0
votes

I'm using Python 2.7 here (which is very relevant). Let's say I have a string containing an "em" dash, "—". This isn't encoded in ASCII. Therefore, when my Django app processes it, it complains. A lot. I want to to replace some such characters with unicode equivalents for string tokenization and use with a spell-checking API (PyEnchant, which considers non-ASCII apostrophes to be misspellings), for example by using the shorter "-" dash instead of an em dash. Here's what I'm doing:

s = unicode(s).replace(u'\u2014', '-').replace(u'\u2018', "'").replace(u'\u2019', "'").replace(u'\u201c', '"').replace(u'\u201d', '"')

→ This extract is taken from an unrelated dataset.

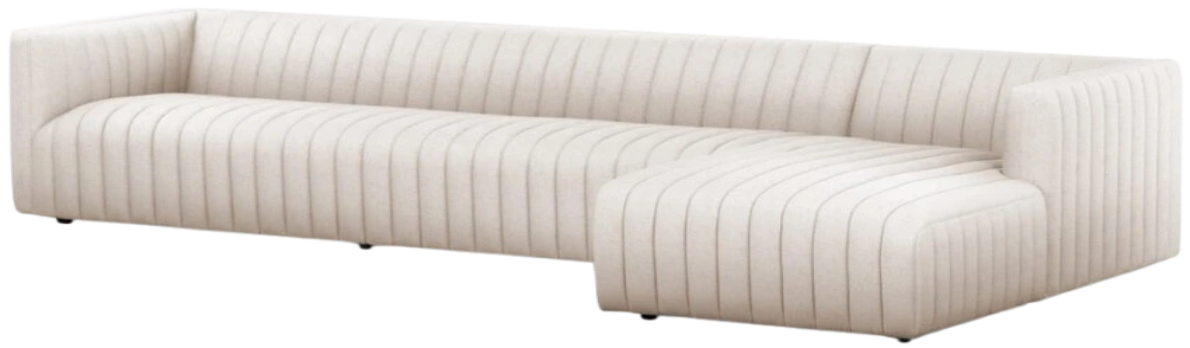 The Augustine 2-Piece Chaise Sectional features a dramatically channeled upholstery, offering a crisp, clean look inspired by modern menswear. This two-piece sectional, with a right-arm facing chaise, is generously sized for larger spaces, providing ample comfort and a sophisticated, stylish presence perfect for any living room.En savoir plus

Unfortunately, this isn't actually replacing any of the unicode characters, and I'm not sure why. I don't really have time to upgrade to Python 3 right now, importing unicode_literals from future at the top of the page or setting the encoding there does not let me place actual unicode literals in the code, as it should, and I have tried endless tricks with encode() and decode(). Can anyone give me a straightforward, failsafe way to do this in Python 2.7?

1
You should fix the places where your app "complains" rather than doing this. Python 2.7 and Django are quite capable of dealing in text encoded other than in ASCII.Daniel Roseman
@DanielRoseman I would agree, but the spell-checking API is treating all occurrences of non-ASCII characters as spelling errors, and I'm trying to work around thatAndrew Puglionesi

1 Answers

0
votes

Oh boy... false alarm, here! It actually works, but I entered some incorrect character codes. I'm going to leave the question up since that code is the only thing that seemed to let me complete this particular task in this environment.